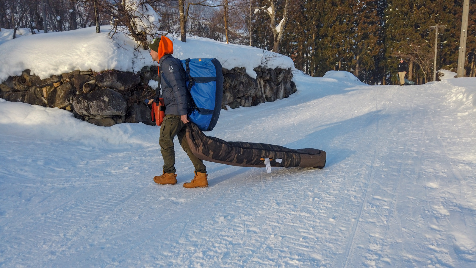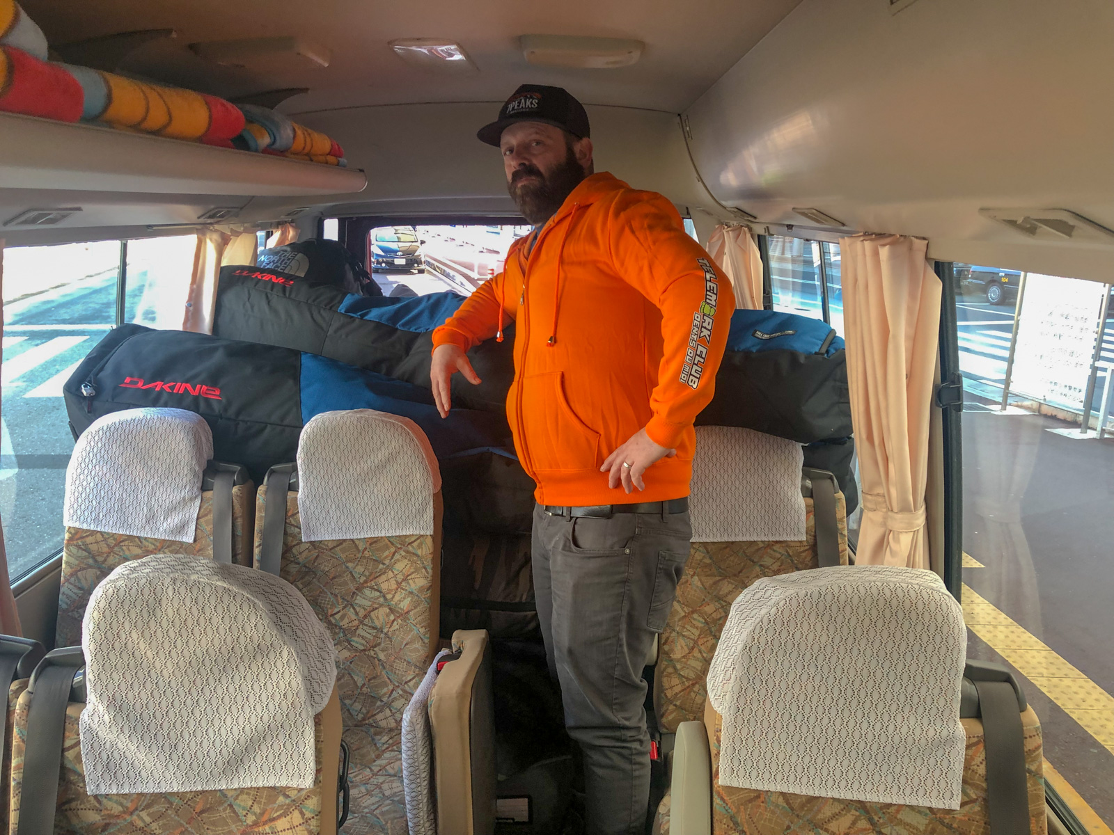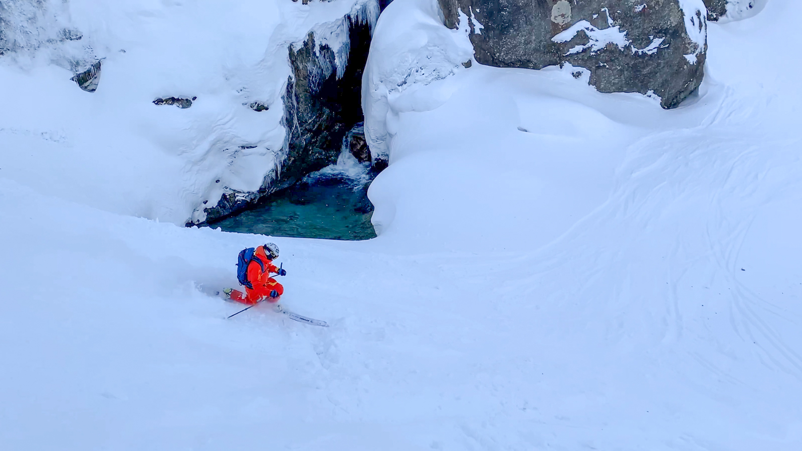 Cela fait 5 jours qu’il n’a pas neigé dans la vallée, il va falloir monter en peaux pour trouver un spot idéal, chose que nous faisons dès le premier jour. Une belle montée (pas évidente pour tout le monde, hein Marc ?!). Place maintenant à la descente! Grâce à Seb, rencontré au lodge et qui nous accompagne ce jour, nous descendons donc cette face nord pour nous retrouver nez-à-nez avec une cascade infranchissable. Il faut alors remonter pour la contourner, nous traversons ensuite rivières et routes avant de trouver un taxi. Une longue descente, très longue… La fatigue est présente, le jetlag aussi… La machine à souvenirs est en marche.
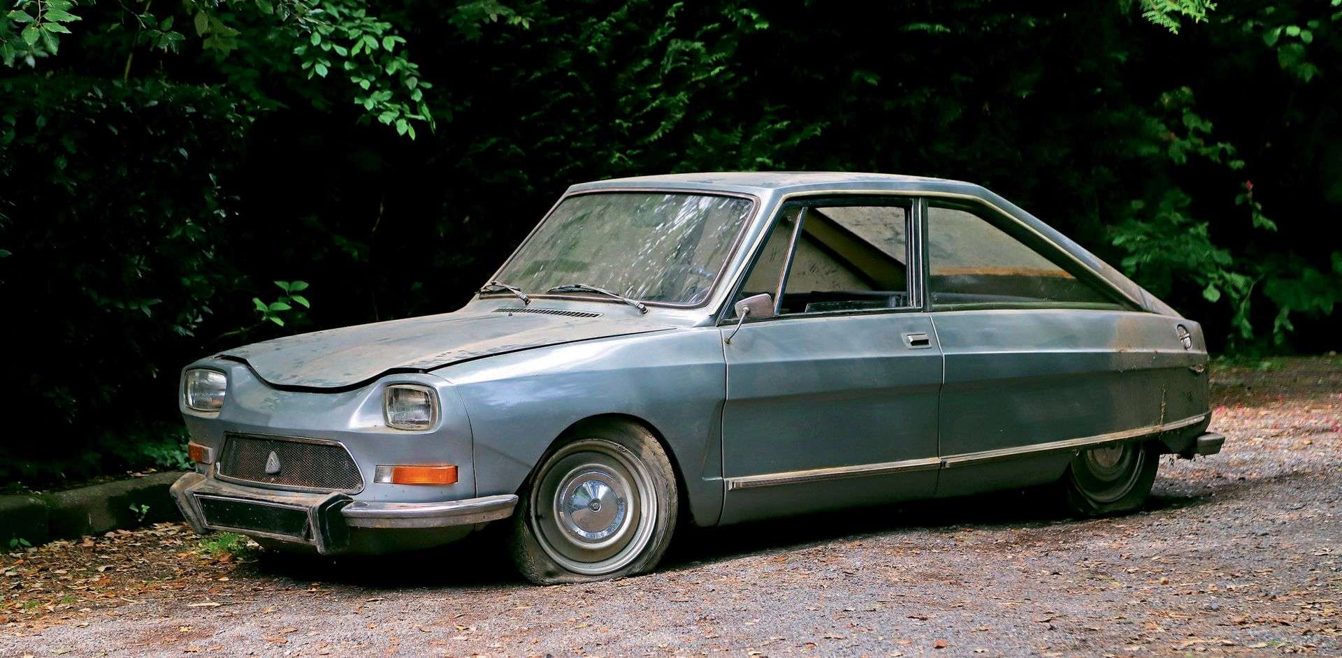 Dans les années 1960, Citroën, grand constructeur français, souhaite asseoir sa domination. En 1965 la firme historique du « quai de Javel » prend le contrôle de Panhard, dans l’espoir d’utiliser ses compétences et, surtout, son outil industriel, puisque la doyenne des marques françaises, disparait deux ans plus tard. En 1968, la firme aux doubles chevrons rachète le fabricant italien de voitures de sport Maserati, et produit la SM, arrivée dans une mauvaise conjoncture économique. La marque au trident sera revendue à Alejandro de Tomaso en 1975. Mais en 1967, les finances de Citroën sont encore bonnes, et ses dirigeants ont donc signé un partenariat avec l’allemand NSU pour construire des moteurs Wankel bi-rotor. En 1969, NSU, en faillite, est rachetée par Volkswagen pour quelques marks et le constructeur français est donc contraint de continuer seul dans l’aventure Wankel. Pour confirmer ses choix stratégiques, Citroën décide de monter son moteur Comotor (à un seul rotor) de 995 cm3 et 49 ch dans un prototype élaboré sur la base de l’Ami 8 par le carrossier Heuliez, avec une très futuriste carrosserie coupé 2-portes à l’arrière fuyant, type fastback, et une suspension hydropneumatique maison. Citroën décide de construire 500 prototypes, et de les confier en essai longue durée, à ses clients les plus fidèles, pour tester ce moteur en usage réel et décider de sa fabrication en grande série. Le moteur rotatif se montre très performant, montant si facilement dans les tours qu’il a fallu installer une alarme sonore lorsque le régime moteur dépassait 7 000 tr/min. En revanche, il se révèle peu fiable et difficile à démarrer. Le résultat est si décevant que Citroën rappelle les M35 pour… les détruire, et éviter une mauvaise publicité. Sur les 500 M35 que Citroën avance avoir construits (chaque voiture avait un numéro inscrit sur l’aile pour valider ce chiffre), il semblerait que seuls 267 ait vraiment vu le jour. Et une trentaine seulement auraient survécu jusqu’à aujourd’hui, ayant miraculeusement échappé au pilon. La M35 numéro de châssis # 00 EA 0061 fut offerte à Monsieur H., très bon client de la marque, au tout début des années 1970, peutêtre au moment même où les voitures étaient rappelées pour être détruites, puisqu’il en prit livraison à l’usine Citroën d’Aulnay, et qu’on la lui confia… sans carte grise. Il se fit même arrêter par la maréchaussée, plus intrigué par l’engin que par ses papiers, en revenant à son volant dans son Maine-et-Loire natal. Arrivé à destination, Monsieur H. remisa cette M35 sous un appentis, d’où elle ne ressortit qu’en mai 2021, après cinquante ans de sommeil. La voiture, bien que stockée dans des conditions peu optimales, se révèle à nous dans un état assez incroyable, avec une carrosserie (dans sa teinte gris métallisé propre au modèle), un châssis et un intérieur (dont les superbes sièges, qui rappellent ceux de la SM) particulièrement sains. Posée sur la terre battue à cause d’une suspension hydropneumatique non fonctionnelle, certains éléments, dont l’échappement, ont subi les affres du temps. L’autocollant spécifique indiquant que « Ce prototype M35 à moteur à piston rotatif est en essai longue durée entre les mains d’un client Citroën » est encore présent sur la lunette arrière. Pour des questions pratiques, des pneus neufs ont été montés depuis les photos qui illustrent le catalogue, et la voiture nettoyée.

* * *

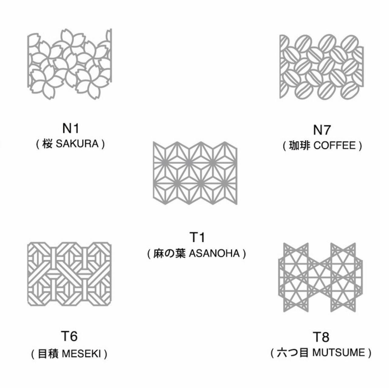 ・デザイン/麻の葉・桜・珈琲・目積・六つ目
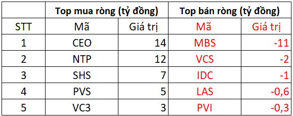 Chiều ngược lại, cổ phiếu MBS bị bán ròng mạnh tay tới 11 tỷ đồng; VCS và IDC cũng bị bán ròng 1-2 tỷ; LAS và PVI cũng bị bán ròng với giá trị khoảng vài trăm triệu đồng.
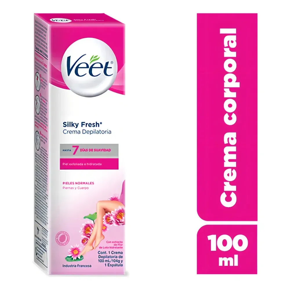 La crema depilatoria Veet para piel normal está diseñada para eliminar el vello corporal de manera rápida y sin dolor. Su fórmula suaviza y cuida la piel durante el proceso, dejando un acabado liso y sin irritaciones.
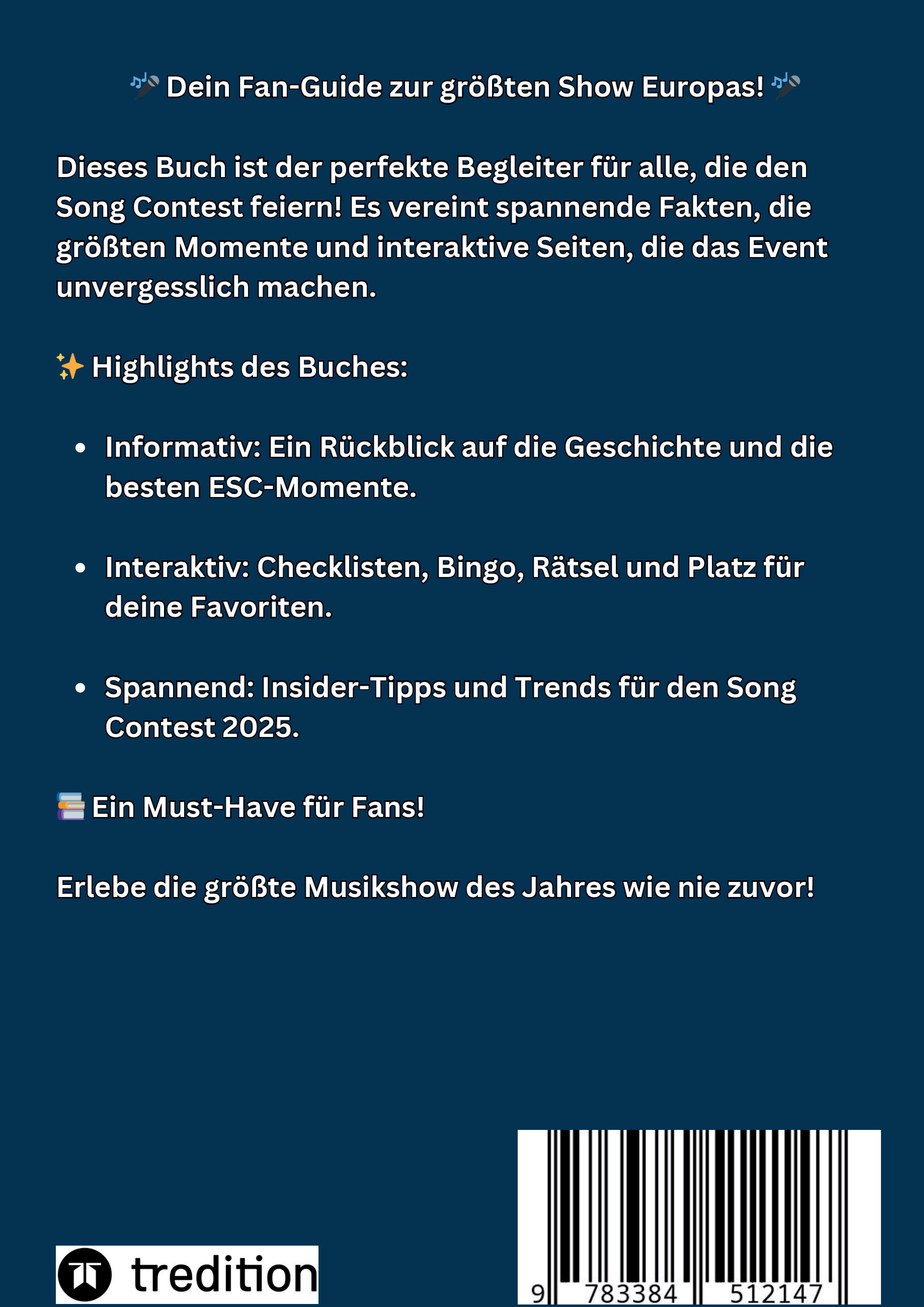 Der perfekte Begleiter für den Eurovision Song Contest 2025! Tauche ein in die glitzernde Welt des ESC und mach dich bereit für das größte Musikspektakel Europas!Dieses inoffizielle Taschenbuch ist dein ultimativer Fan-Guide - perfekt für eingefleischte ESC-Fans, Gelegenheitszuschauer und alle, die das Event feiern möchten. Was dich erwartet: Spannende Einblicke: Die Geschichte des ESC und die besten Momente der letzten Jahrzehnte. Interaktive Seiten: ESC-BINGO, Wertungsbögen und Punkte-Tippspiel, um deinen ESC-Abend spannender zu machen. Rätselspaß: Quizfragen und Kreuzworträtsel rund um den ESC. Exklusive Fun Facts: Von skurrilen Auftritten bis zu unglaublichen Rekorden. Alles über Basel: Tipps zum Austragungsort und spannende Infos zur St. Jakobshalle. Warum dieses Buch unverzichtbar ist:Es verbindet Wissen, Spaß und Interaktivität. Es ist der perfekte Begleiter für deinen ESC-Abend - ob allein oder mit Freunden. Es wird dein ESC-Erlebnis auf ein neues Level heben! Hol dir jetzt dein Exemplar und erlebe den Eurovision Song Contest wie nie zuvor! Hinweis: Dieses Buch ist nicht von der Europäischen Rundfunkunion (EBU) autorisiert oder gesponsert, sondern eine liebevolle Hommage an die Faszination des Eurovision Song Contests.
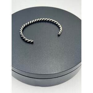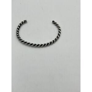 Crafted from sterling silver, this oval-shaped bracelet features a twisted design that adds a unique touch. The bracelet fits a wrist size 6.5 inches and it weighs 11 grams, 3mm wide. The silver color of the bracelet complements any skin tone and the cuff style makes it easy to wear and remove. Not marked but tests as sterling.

# [Work to be completed]
From the data above, return exactly the lines from the one with "La crema depilatoria" up to and including the one with "Der perfekte Begleiter für den". Pictures do not go in the copy.

# [Result]
 La crema depilatoria Veet para piel normal está diseñada para eliminar el vello corporal de manera rápida y sin dolor. Su fórmula suaviza y cuida la piel durante el proceso, dejando un acabado liso y sin irritaciones.
 Der perfekte Begleiter für den Eurovision Song Contest 2025! Tauche ein in die glitzernde Welt des ESC und mach dich bereit für das größte Musikspektakel Europas!Dieses inoffizielle Taschenbuch ist dein ultimativer Fan-Guide - perfekt für eingefleischte ESC-Fans, Gelegenheitszuschauer und alle, die das Event feiern möchten. Was dich erwartet: Spannende Einblicke: Die Geschichte des ESC und die besten Momente der letzten Jahrzehnte. Interaktive Seiten: ESC-BINGO, Wertungsbögen und Punkte-Tippspiel, um deinen ESC-Abend spannender zu machen. Rätselspaß: Quizfragen und Kreuzworträtsel rund um den ESC. Exklusive Fun Facts: Von skurrilen Auftritten bis zu unglaublichen Rekorden. Alles über Basel: Tipps zum Austragungsort und spannende Infos zur St. Jakobshalle. Warum dieses Buch unverzichtbar ist:Es verbindet Wissen, Spaß und Interaktivität. Es ist der perfekte Begleiter für deinen ESC-Abend - ob allein oder mit Freunden. Es wird dein ESC-Erlebnis auf ein neues Level heben! Hol dir jetzt dein Exemplar und erlebe den Eurovision Song Contest wie nie zuvor! Hinweis: Dieses Buch ist nicht von der Europäischen Rundfunkunion (EBU) autorisiert oder gesponsert, sondern eine liebevolle Hommage an die Faszination des Eurovision Song Contests.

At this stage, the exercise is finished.